Print the listing exactly as it stands, and skip any pictures in it.

• _DATA EXTRACT_:
*** Block opens ***
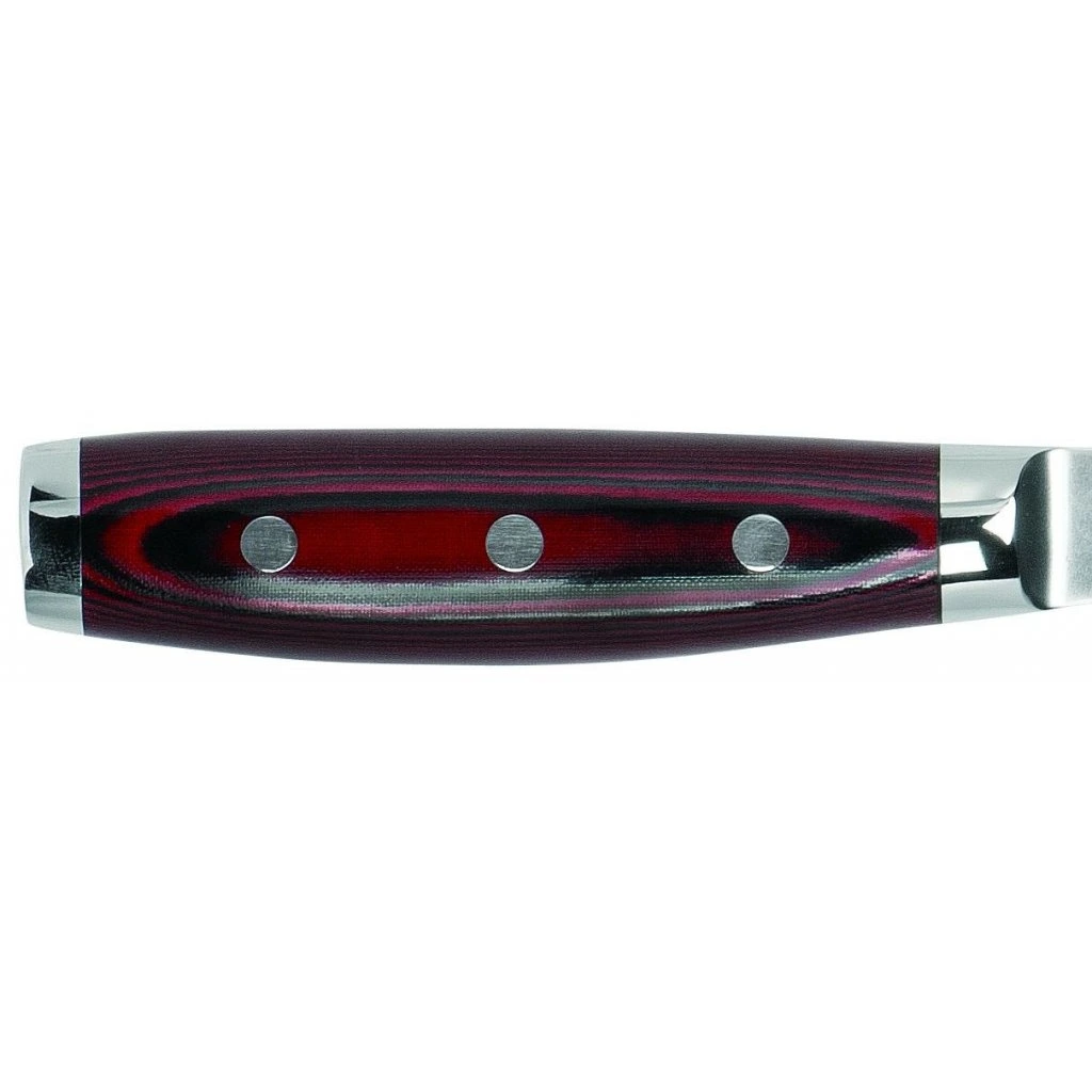 Rukojeť nožů Super GOU 161 je vyrobena z červeno-černé plátnové mikarty – mimořádně odolného materiálu, který je známý svou dlouhou životností, odolností vůči vlhkosti a pachům a minimálními nároky na údržbu. Mikarta je pevně připevněna třemi nerezovými nýty, které zajišťují stabilitu a dlouhou životnost nože
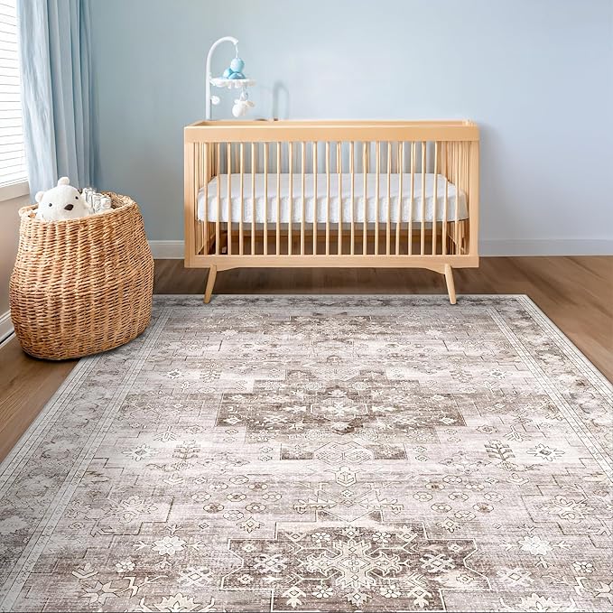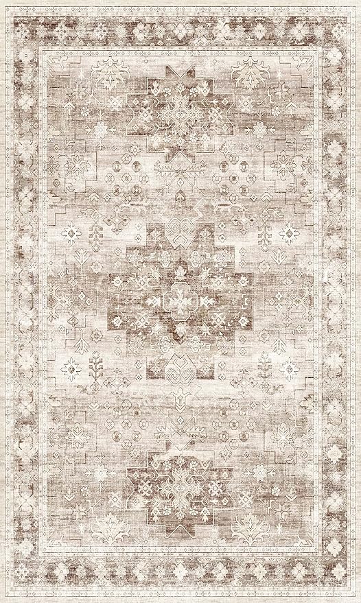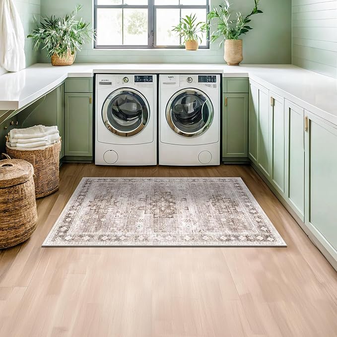Washable Neutral Farmhouse Large Entryway Rug, 3x5 Area Rugs for Kitchen, Bedroom, Laundry Room, Nursery Room, Boho Vintage Floral Non-Slip Throw Rug Low Pile Stain Resistant (3x5 Beige/Latte)
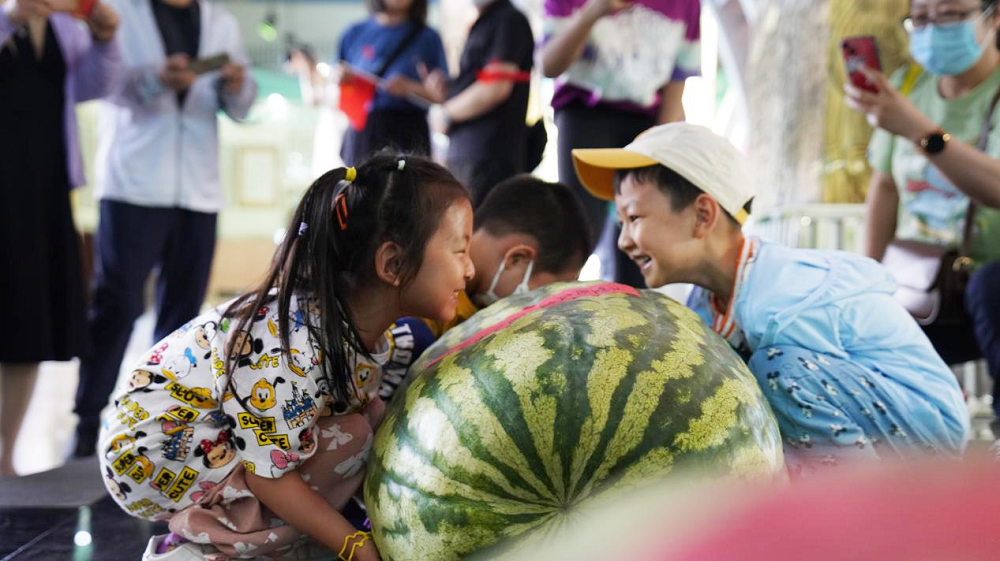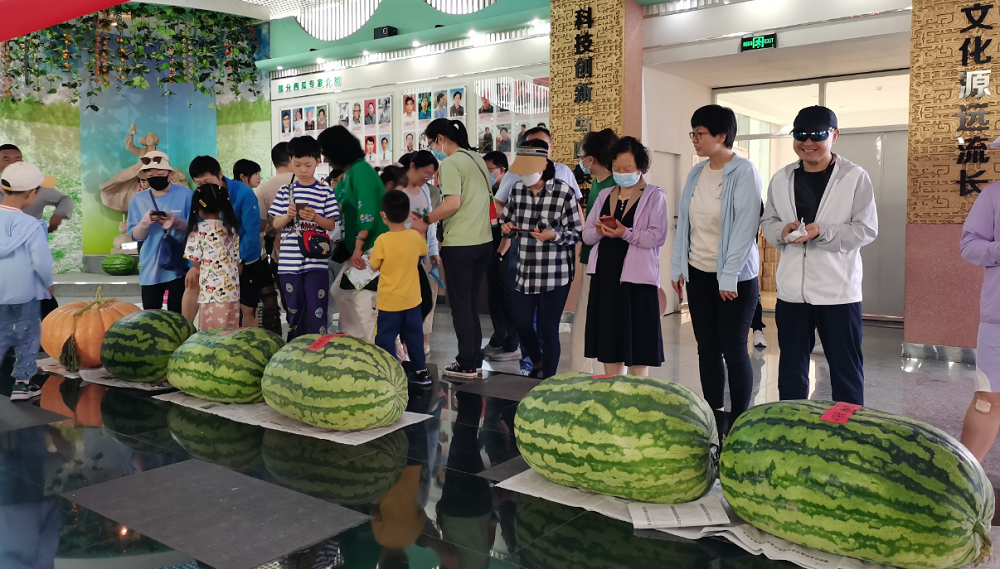 活动当天,市民们走进了坐落在北京市大兴区庞各庄镇的中国西瓜博物馆,绿叶衬托着大大小小西瓜的独特造型,仿佛穿越了时光,与古往今来千百年间不同时代的西瓜相会,见证这百年西瓜发展至今的奇妙时刻。从原始的野生西瓜到现代太空西瓜的历史变迁,现如今已有200余个西瓜品种,各种不同体型、不同颜色的西瓜、西瓜子、西瓜雕刻等衍生物妙趣横生。西瓜文化、古籍以及西瓜历史逸闻趣事更是令人眼前一亮。
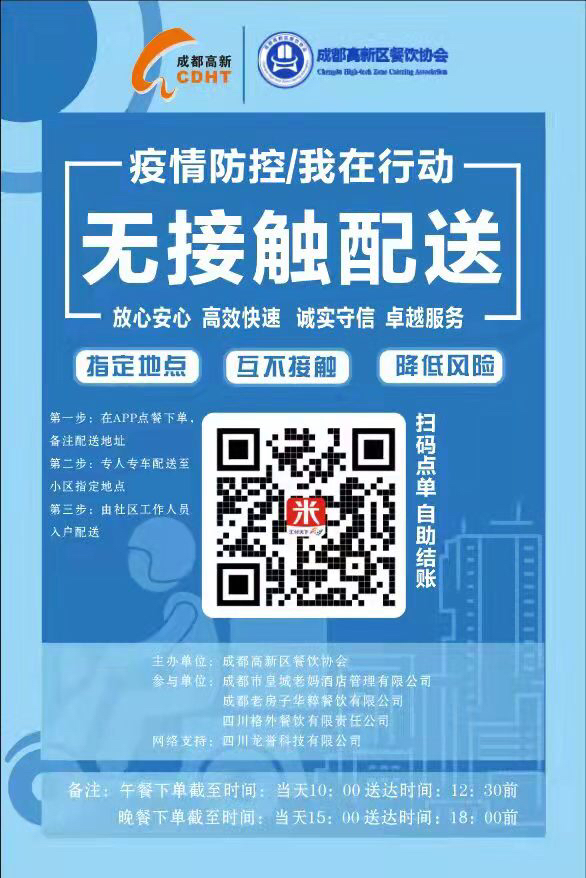 据悉,此次为封控管控区提供专项订餐服务的均为高新区大型连锁品牌企业,推出的多为企业经典招牌菜,餐品价格全面低于市场价。通过“汇来米”小程序,居民可以实现一键下单,餐品由专人专车配送。为保障服务质量,成都高新区餐饮协会统一制定完善的餐饮服务保障方案,配送全程按照疫情防控和食品安全操作规范要求,在各个环节做好消毒消杀和安全防护。
*** Block closes ***
• _TASK ANSWER_:
 Rukojeť nožů Super GOU 161 je vyrobena z červeno-černé plátnové mikarty – mimořádně odolného materiálu, který je známý svou dlouhou životností, odolností vůči vlhkosti a pachům a minimálními nároky na údržbu. Mikarta je pevně připevněna třemi nerezovými nýty, které zajišťují stabilitu a dlouhou životnost nože
Washable Neutral Farmhouse Large Entryway Rug, 3x5 Area Rugs for Kitchen, Bedroom, Laundry Room, Nursery Room, Boho Vintage Floral Non-Slip Throw Rug Low Pile Stain Resistant (3x5 Beige/Latte)
 活动当天,市民们走进了坐落在北京市大兴区庞各庄镇的中国西瓜博物馆,绿叶衬托着大大小小西瓜的独特造型,仿佛穿越了时光,与古往今来千百年间不同时代的西瓜相会,见证这百年西瓜发展至今的奇妙时刻。从原始的野生西瓜到现代太空西瓜的历史变迁,现如今已有200余个西瓜品种,各种不同体型、不同颜色的西瓜、西瓜子、西瓜雕刻等衍生物妙趣横生。西瓜文化、古籍以及西瓜历史逸闻趣事更是令人眼前一亮。
 据悉,此次为封控管控区提供专项订餐服务的均为高新区大型连锁品牌企业,推出的多为企业经典招牌菜,餐品价格全面低于市场价。通过“汇来米”小程序,居民可以实现一键下单,餐品由专人专车配送。为保障服务质量,成都高新区餐饮协会统一制定完善的餐饮服务保障方案,配送全程按照疫情防控和食品安全操作规范要求,在各个环节做好消毒消杀和安全防护。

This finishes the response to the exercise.